Here's why: With their copper networks, the Bells (or their heirs) will still be at a disadvantage technologically to cable, which already has digital pipes running into millions of customer homes. Over the past 10 years, the cable industry spent $60 billion collectively to upgrade those pipes to enable them to stream more channels to each customer. (The latest digital-compression technology allows 8 to 12 digital channels to be streamed in the same space required for one analog channel.) As it turns out, the upgrade let the cable operators improve their traditional businesses and also offer new digital services, such as high-speed Internet access, video on demand, and, eventually VOIP.
The phone companies, by contrast, won't enjoy any improvement in their traditional business if they lay out the $50 billion or more it would take to build a national broadband network. Worse, Hyman says, the Bells are tied to a profit stream from legacy services such as frame-relay transmission (used by corporate networks) and second lines in homes, which deliver margins as high as 70%: "The Bells' network worked because business customers created the profit, while consumers created the scale that allowed the Bells to deploy ubiquitously," Hyman says. "The same doesn't apply to broadband."
VIRTUAL AREA CODES.
The phone companies could be forced to innovate, however, if VOIP takes off. True, the technology still lacks critical mass in the consumer market. But VOIP is getting lots of buzz because it's cheaper than most traditional voice while offering better features. For example, VOIP customers can choose to have any area code as part of their phone number --not just the one that represents the region where they live, giving them a "virtual presence" in important business centers such as New York or Chicago.
Moreover, their calls -- and voice mail, too-- will follow them wherever they log in. "VOIP allows integration between your phone and your desktop," says Louis Holder, executive vice-president for product development at VOIP startup Vonage.
Just when cable operators will turn up the heat on the Bells isn't clear. They haven't yet embraced VOIP -- a surprise in light of their apparent aspirations in the local-phone business and of Comcast's (CMCSA ) purchase of AT&T Broadband last fall. AT&T's Broadband's phone expertise -- and its 1.3 million telephone customers -- supposedly were two of the reasons for the deal. But Comcast CEO Brian Roberts has signaled that he isn't ready to move aggressively into voice.
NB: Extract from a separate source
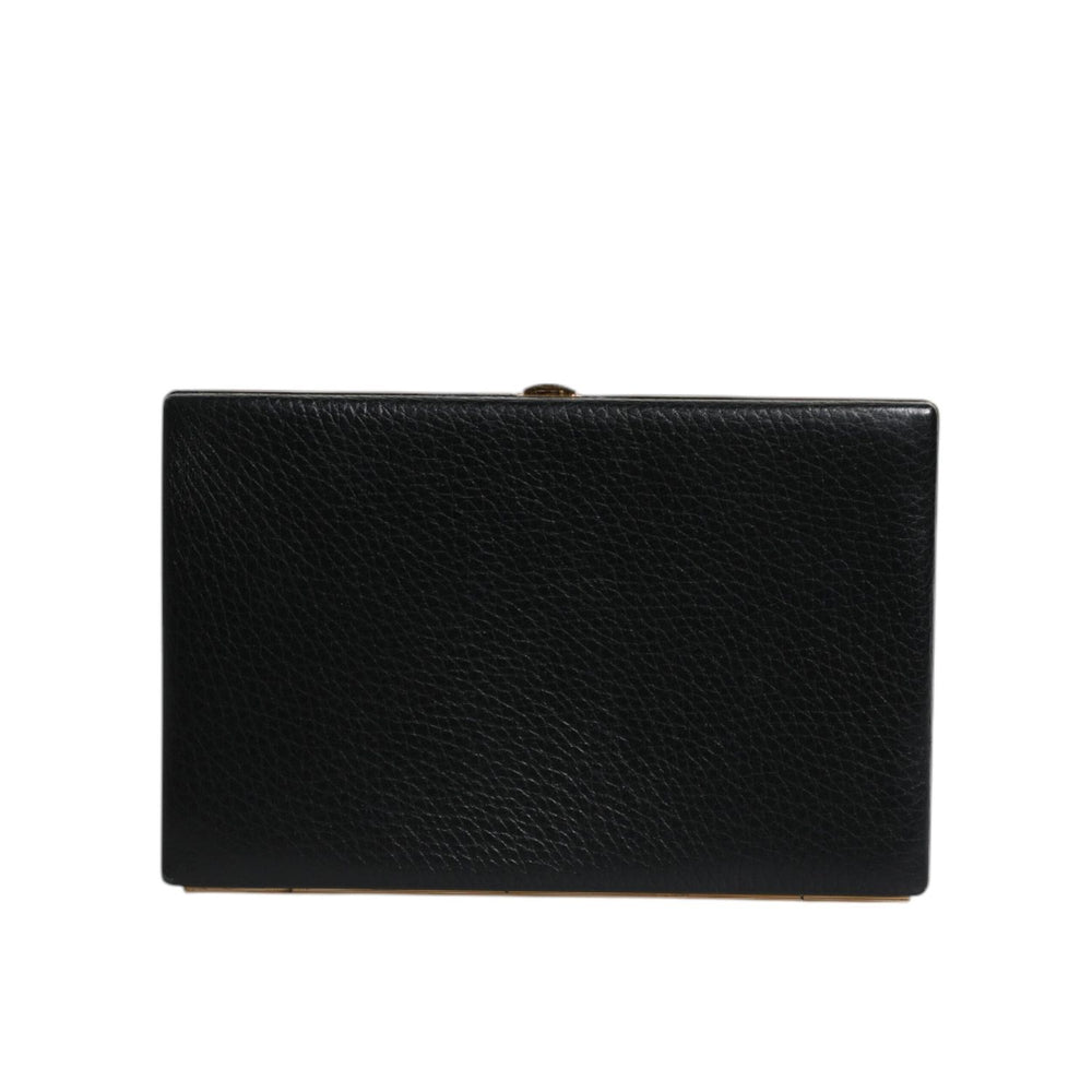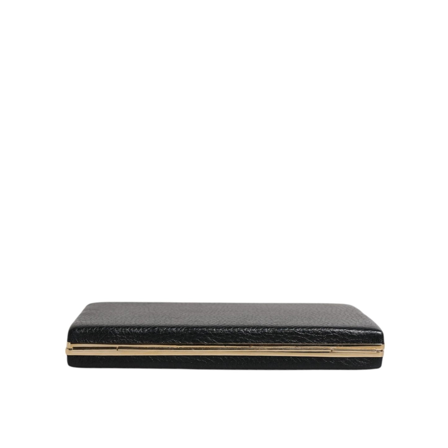 Dolce & Gabbana Black Leather Gold Frame Clutch Evening Party Purse Bag

One reason could be that phone service is a regulated industry, which would require cable operators to meet quality-of-service requirements set by state and federal regulators, as well as provide access to their lines for law-enforcement authorities. Comcast has only one VOIP pilot test under way, in its headquarters city of Philadelphia -- and it says it has no plans for larger tests.
No. 4 cable operator Cox Communications (COX ), which has long been bullish about the idea of bundling voice with its video services, still provides circuit-switched voice services to its 651,000 customers. Says Legg Mason's Levin: "VOIP doesn't take off until Brian Roberts says so. And he's got other things on his mind" -- most prominently, upgrading AT&T Broadband's older cable-TV facilities and rolling out video on demand.
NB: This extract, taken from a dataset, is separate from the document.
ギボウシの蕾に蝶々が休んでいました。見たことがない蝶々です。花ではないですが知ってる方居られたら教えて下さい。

Skeptics fear that by letting the Bells sell long-distance, local-phone calling, and data services, they'll simply solidify their positions as big regional monopolies withouth providing any benefits to consumers. But the momentum toward an all-distance phone industry is already so strong that nothing is likely to stop it. As anyone with a cell phone already knows, the distinctions between a local and a long-distance call are rapidly fading into memory. Eventually, so will the differences between phone, cable, and satellite operators.
Seven years after the Telecommunications Act of 1996 mandated a new age of communications, the revolution's first signs are finally visible.